Third, as to concentrating, persisting, or maintaining pace, the ALJ first acknowledged that Plaintiff's mother reported Plaintiff paces back and forth and voices concerns for his safety. [R. 17.] The ALJ then noted that the treatment notes in the record reflected that Plaintiff had “occasional disorganized, distracted, and preoccupied concentration” but that, during examinations and despite those limitations, his “attention, concentration, and intellectual functioning were generally fair and average, his thought processes were logical and coherent, and his insight was fair.” [R. 17 (citing R. 368-69, 373, 382, 386-87, 401, 406, 413-14, 422-32 (2017 & 2018 mental status examinations and group therapy notes)).] Plaintiff cites other evidence, such as his Global Assessment Functioning (“GAF”) score of 50 and his subjective reports of hearing his mom and grandmother calling to him when they were not, talking to himself, and needing to have a job coach accompany him to a previous job to remind him to complete tasks, that, he says, begs the question of how he “would be capable of sustaining attention and concentration-or remaining on task-for an acceptable percentage of the workday.” [Pl.'s Br. at 10-11.]

The GAF scale is a clinician's assessment of a person's overall level of functioning. A GAF score of 21-30 indicates inability to function in almost all areas; 31-40 indicates major impairment in several areas; 41-50 indicates serious symptoms; 51-60 indicates moderate symptoms; and 61-70 indicates mild symptoms. AMERICAN PSYCHIATRIC ASSOCIATION, Diagnostic and Statistical Manual of Mental Disorders 32 (4th ed. Text Rev. 2000).

The evidence on which Plaintiff relies, while arguably relevant to determining any limitation on concentration, persistence, or pace, is not dispositive, however. Courts have reasoned that the GAF score, for example, is of little probative value because it represents “a snapshot of a particular moment” rather than a long-term view of Plaintiff's functioning; the ALJ indeed recognized this later in her discussion of the medical evidence. See R. 22-23; Sambrooks v. Colvin, 566 Fed.Appx. 506, 511 (7th Cir. 2014); see also Veronica H. v. Saul, 2019 WL 3935039, at *2 (N.D. Ill. Aug. 20, 2019). Further, the ALJ need not discuss each piece of evidence as long as she accurately and logically ties the evidence to her ultimate conclusion. Here, she found most probative the reports of Plaintiff's physicians that even when he was having difficulty concentrating during sessions, he still had fair ability to pay attention and concentrate, [R. 17 (citing R. 368-69, 373, 382, 386-87, 401, 406, 413-14, 422-32)]. Thus, the Court does not find the conclusion that Plaintiff has only a moderate limitation in concentration, persistence, or pace unsupported, even if it would be possible to weigh the evidence differently in the first instance.

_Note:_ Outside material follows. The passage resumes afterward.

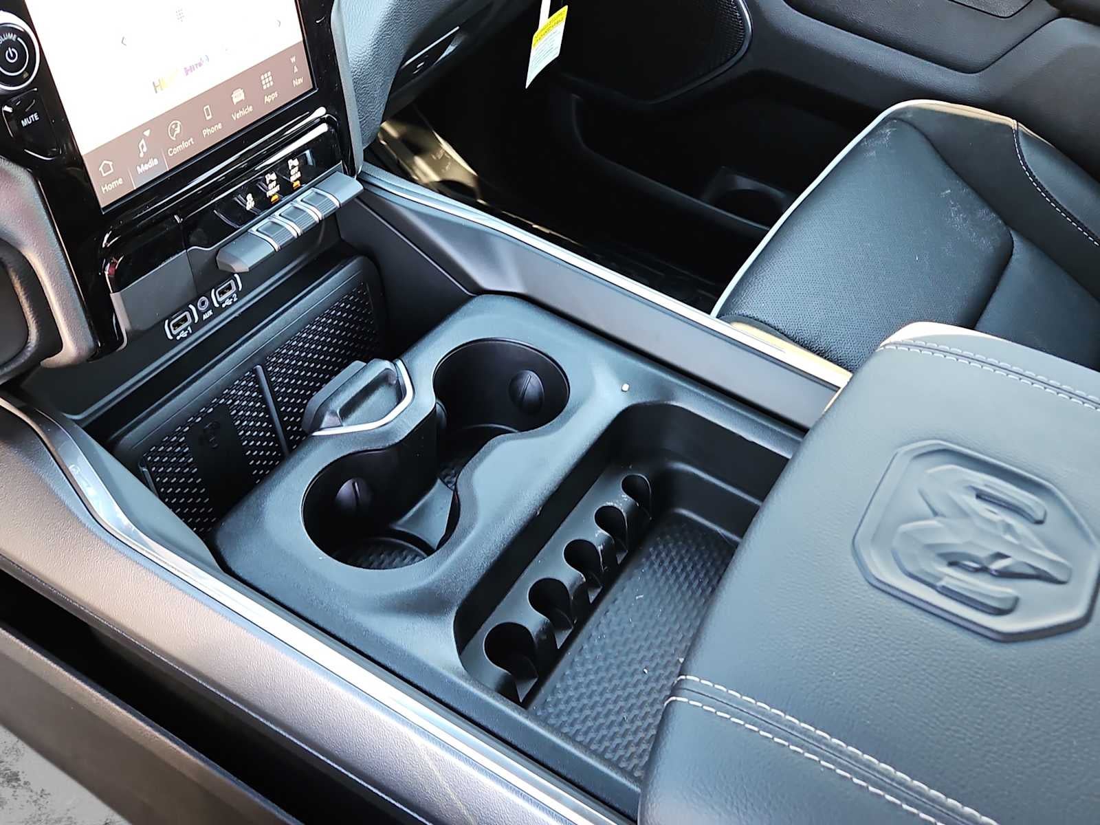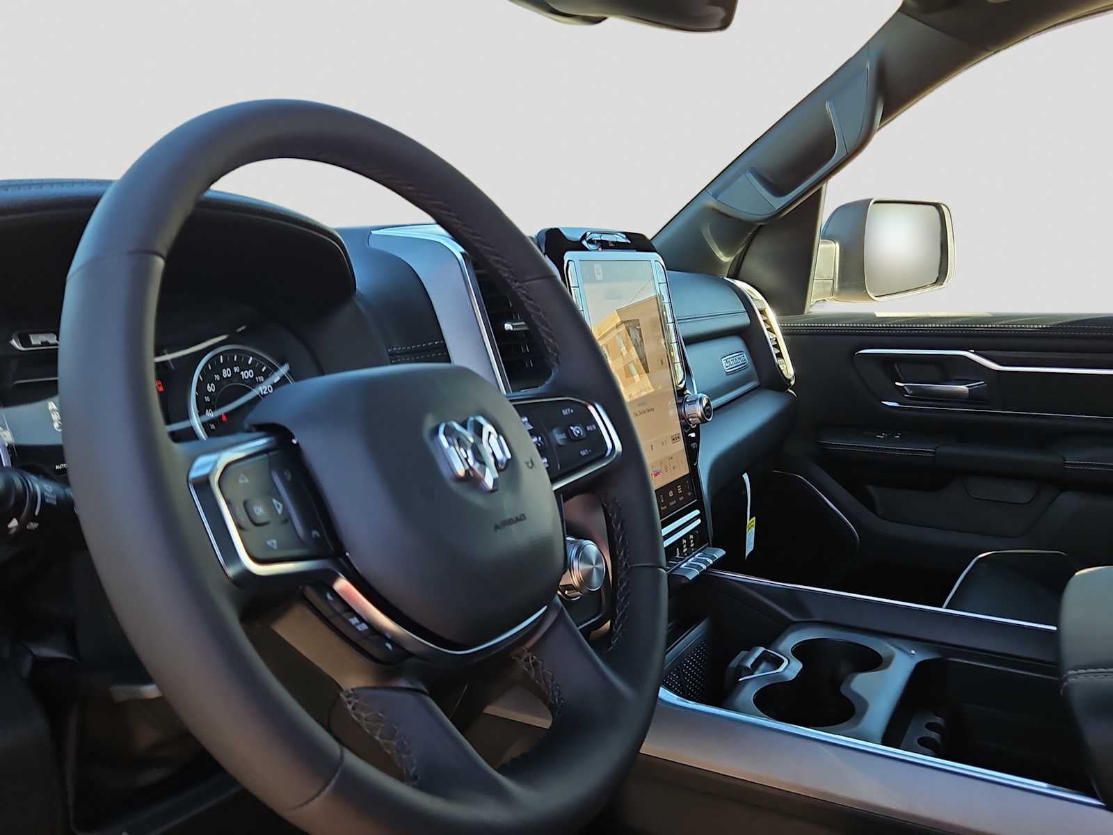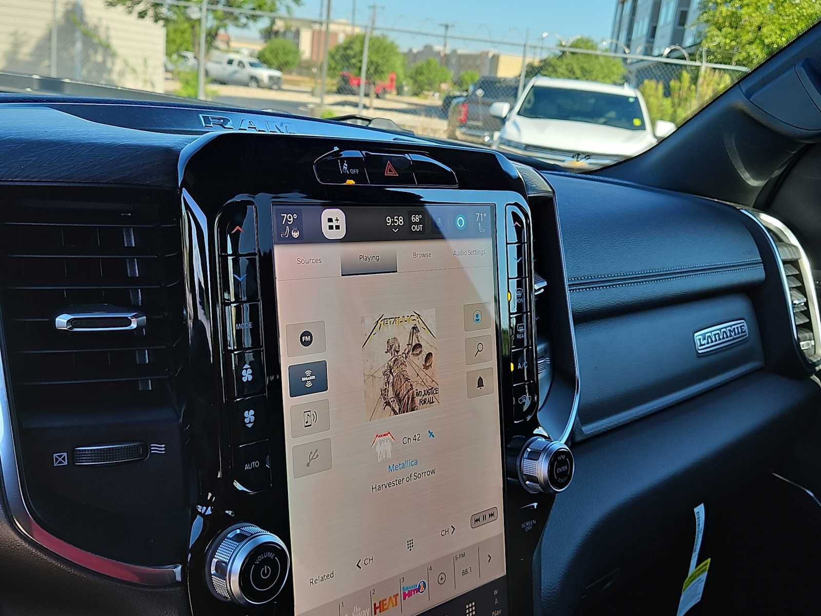 NIGHT EDITION Black Headlamp Bezels, Wheels: 22 x 9 Forged Aluminum, Tires: 285/45R22XL BSW All Season, Pirelli Brand Tires, Proximity Approach/Departure Lamps, Anti-Spin Differential Rear Axle, Accent Color Door Handles, Black Interior Accents, Body Color Front Bumper, Grille Surround 3 Black Texture 2 Black, Body Color Rear Bumper w/Step Pads, RAM Grille Badge - Black, Black Painted Exterior Mirrors Caps, Exterior Mirrors Approach Lamps, Accent Color Premium Power Mirrors, Sport Performance Hood, Black Exterior Truck Badging, Accent Color Tailgate Handle, Dual Exhaust w/Black Tips, Black Tail Lamp Bezels, ENGINE: 5.7L V8 HEMI MDS VVT ETORQUE 48V Belt Starter Generator, Heavy Duty Engine Cooling, Passive Tuned Mass Damper, Delete Alternator, Passive Cold End Exhaust, 18 Aluminum Spare Wheel, BED UTILITY GROUP MOPAR Spray In Bedliner, MOPAR 4 Adjustable Cargo Tie-Down Hooks, Exterior 115V AC Outlet, MOPAR BLACK TUBULAR SIDE STEPS, LARAMIE LEVEL 1 EQUIPMENT GROUP Remote Tailgate Release, Rain Sensitive Windshield Wipers, MOPAR FRONT & REAR RUBBER FLOOR MATS, TRANSMISSION: 8-SPEED AUTOMATIC (8HP75) (STD). Ram Laramie with Silver Zynith exterior and Black interior features a 8 Cylinder Engine with 395 HP at 5600 RPM*.
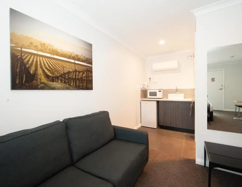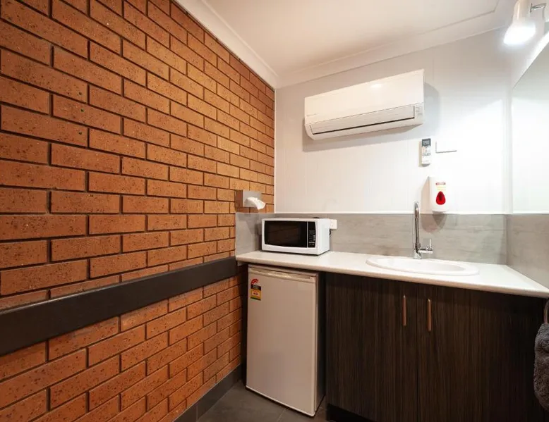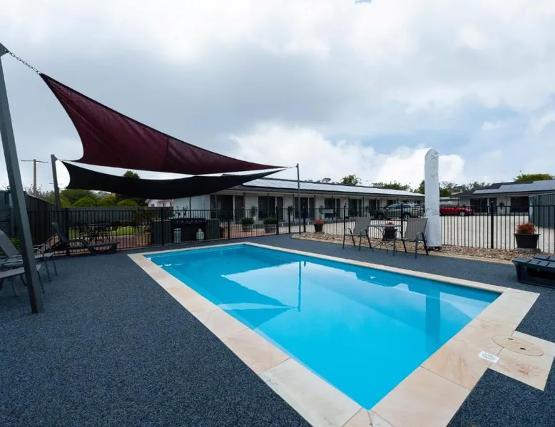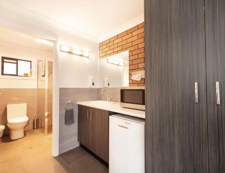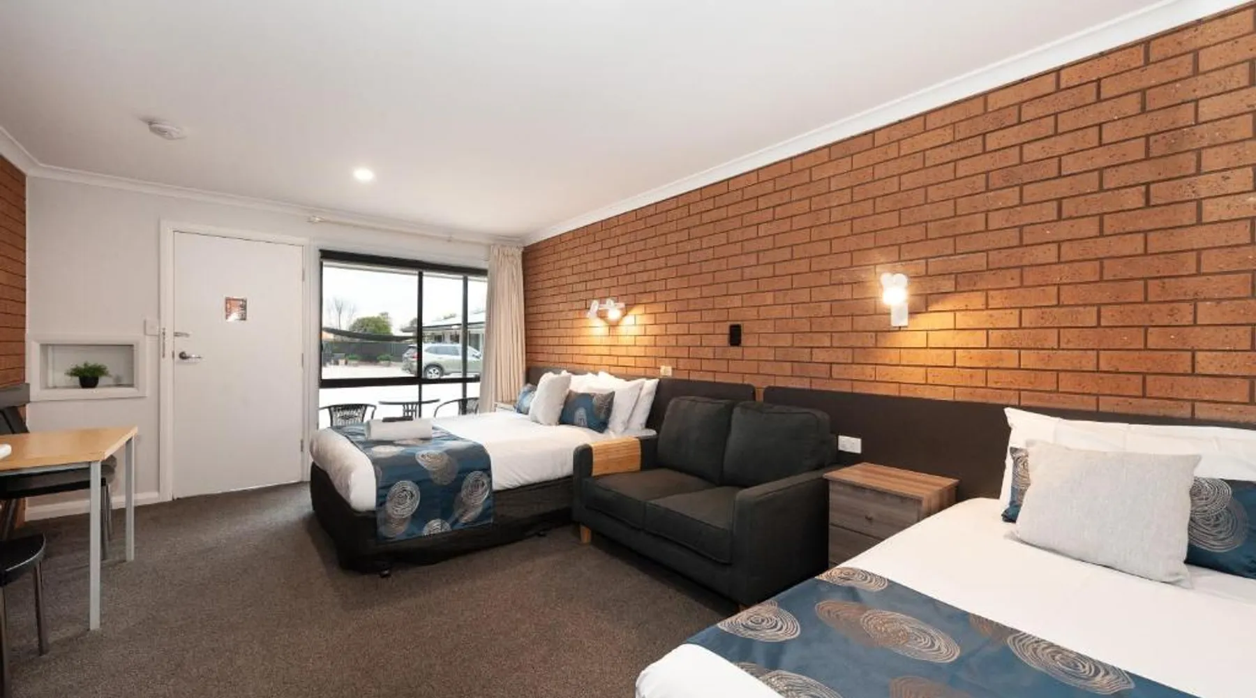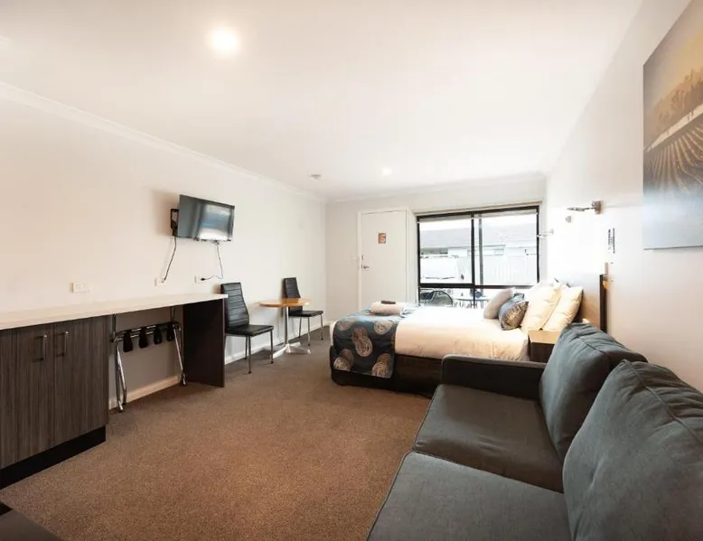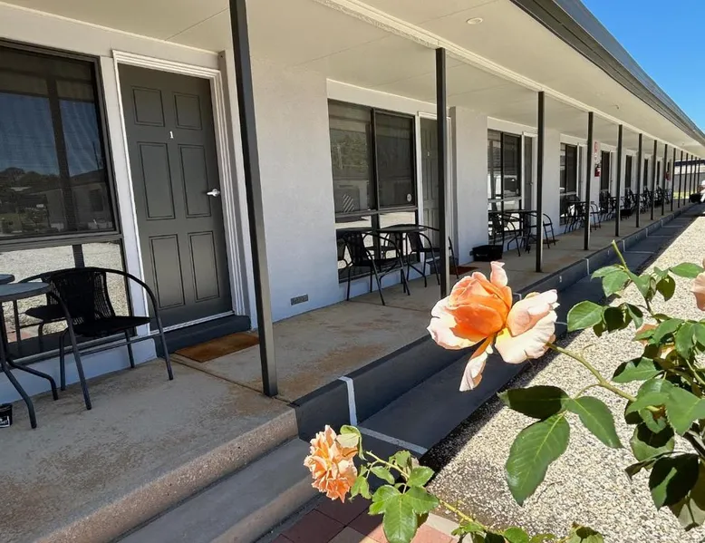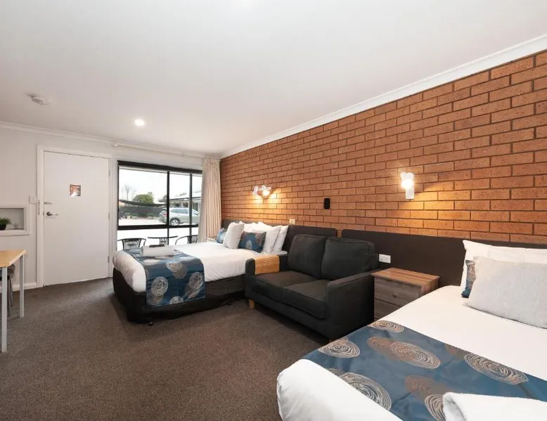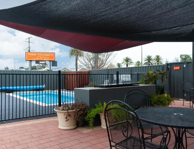 Comfortable Accommodations: Motel Woongarra in Rutherglen offers 4-star comfort with family rooms, ground-floor units, and private entrances. Each room features air-conditioning, a kitchenette, and a private bathroom with a walk-in shower. Leisure Facilities: Guests can relax by the saltwater swimming pool, sun terrace, and lush garden. The property includes free WiFi, outdoor seating, picnic areas, and barbecue facilities. Dining Options: A continental breakfast is served in-room, and room service is available. Additional amenities include a mini-bar, microwave, and free toiletries. Convenient Location: Located 21 mi from Bowser Station, 25 mi from Wangaratta Performing Arts Center, and 31 mi from Lauren Jackson Sports Center. Activities include fishing, skiing, walking tours, and cycling. Guests will find a refrigerator, kitchenware, a microwave and a toaster in the well-equipped kitchenette. The twin room also includes a barbecue. This air-conditioned twin room has a desk, a patio, garden views and a private bathroom. The unit has 2 beds.

Fourth, the ALJ concluded that Plaintiff also had a moderate limitation in adapting or managing himself. [R. 17.] Plaintiff asserts that this conclusion has no support, relying on Plaintiff's need for reminders to shower or brush his teeth, reports that he had body odor, and inability to leave his room or his house. [Pl.'s Br. at 11.] The ALJ recognized that Plaintiff was sometimes malodorous or unkempt during his treatment. [R. 17; see, e.g., R. 362.] But, the ALJ further outlined that Plaintiff's subjective reports of his abilities in this area were mixed: Plaintiff himself asserted in a 2016 function report that he did not have issues with personal care, and he testified that he could do chores including taking out the trash and laundry, but he also reported having a difficult time adapting to change and being dependent on other people for support. [R. 17; see R. 44-45 (hearing testimony), 264-65 (function report).] Because the ALJ adequately explained how she weighed the evidence, this conclusion is supported by substantial evidence, too.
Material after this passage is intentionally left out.